-- Stored data --
+--
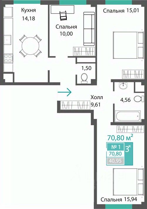 Продаётся 3-комнатная квартира в строящемся доме (ЭТАП 1, СЕКЦИИ А1, А2, А3), срок сдачи: III-кв. 2028, общей площадью 70.8 кв.м., на 1 этаже. Новый жилой комплекс "Семейный квартал ПРОПОЛИС" от застройщика "Монолит" расположен по адресу: Республика Крым, Симферопольский район, с. Мирное, ул. Учительская
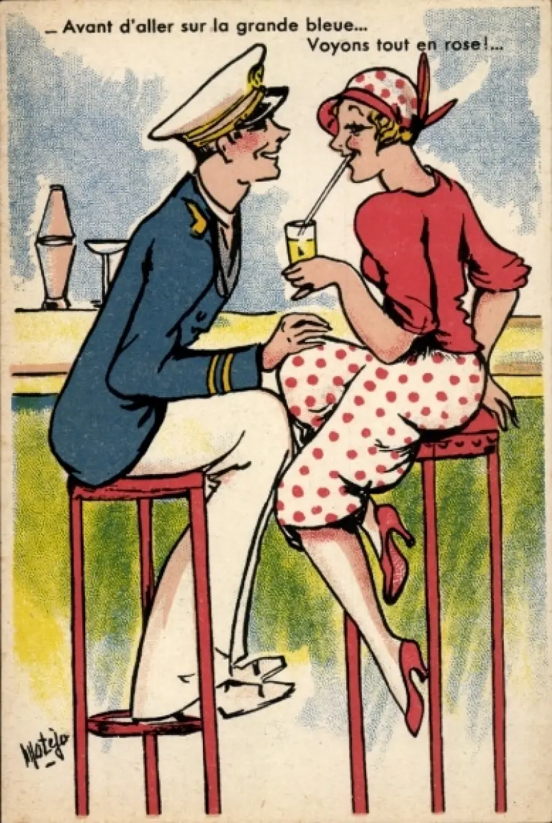 Künstler Ak Liebespaar in der Bar, Mann in Uniform
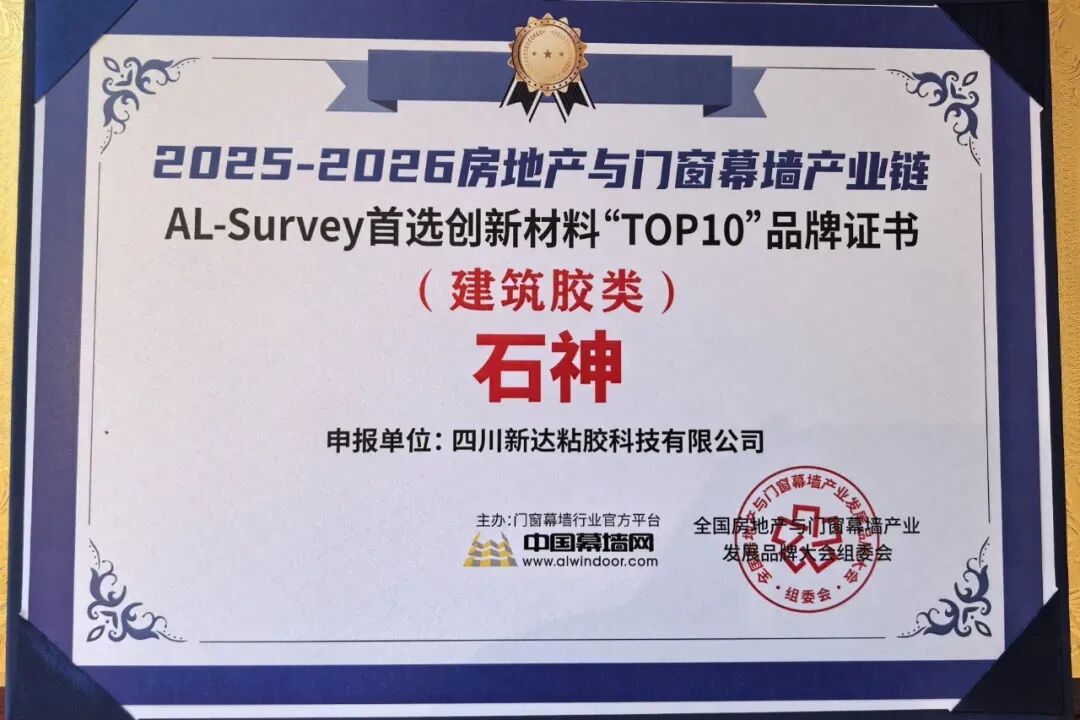 此次荣获“十大密封胶品牌”,不仅是对硅酮密封胶产品的认可,更是对公司全产品线技术实力的肯定。再次荣登“十大密封胶品牌”榜单,对于四川新达粘胶科技有限公司而言,既是行业给予的肯定,也是对未来发展的期许。
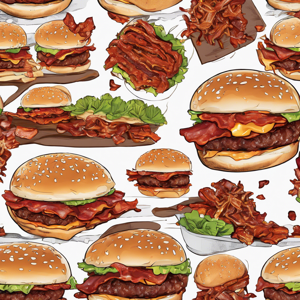 The Spicy BBQ Bacon Burger has a rich history rooted in American culinary tradition. This mouthwatering burger is a tantalizing combination of juicy beef patty, crispy bacon, spicy BBQ sauce, and a toasted bun. It first gained popularity in the southern United States, where chefs infused classic BBQ flavors with a fiery kick. Today, this delectable dish can be found in countless diners and restaurants across the country. The key to a perfect Spicy BBQ Bacon Burger lies in the quality of the ingredients, especially the spicy BBQ sauce and perfectly cooked bacon. For a unique twist, some chefs add jalapenos or pepper jack cheese for an extra kick. One of the best places to savor this iconic burger is at renowned BBQ joints in Texas, where the smoky flavors and spicy heat come together in perfect harmony. Whether you're in the mood for a classic American comfort food or a fiery culinary adventure, the Spicy BBQ Bacon Burger is sure to satisfy your cravings.
+--
Write the full listing out again with every line unchanged, but include no pictures.

 Продаётся 3-комнатная квартира в строящемся доме (ЭТАП 1, СЕКЦИИ А1, А2, А3), срок сдачи: III-кв. 2028, общей площадью 70.8 кв.м., на 1 этаже. Новый жилой комплекс "Семейный квартал ПРОПОЛИС" от застройщика "Монолит" расположен по адресу: Республика Крым, Симферопольский район, с. Мирное, ул. Учительская
 Künstler Ak Liebespaar in der Bar, Mann in Uniform
 此次荣获“十大密封胶品牌”,不仅是对硅酮密封胶产品的认可,更是对公司全产品线技术实力的肯定。再次荣登“十大密封胶品牌”榜单,对于四川新达粘胶科技有限公司而言,既是行业给予的肯定,也是对未来发展的期许。
 The Spicy BBQ Bacon Burger has a rich history rooted in American culinary tradition. This mouthwatering burger is a tantalizing combination of juicy beef patty, crispy bacon, spicy BBQ sauce, and a toasted bun. It first gained popularity in the southern United States, where chefs infused classic BBQ flavors with a fiery kick. Today, this delectable dish can be found in countless diners and restaurants across the country. The key to a perfect Spicy BBQ Bacon Burger lies in the quality of the ingredients, especially the spicy BBQ sauce and perfectly cooked bacon. For a unique twist, some chefs add jalapenos or pepper jack cheese for an extra kick. One of the best places to savor this iconic burger is at renowned BBQ joints in Texas, where the smoky flavors and spicy heat come together in perfect harmony. Whether you're in the mood for a classic American comfort food or a fiery culinary adventure, the Spicy BBQ Bacon Burger is sure to satisfy your cravings.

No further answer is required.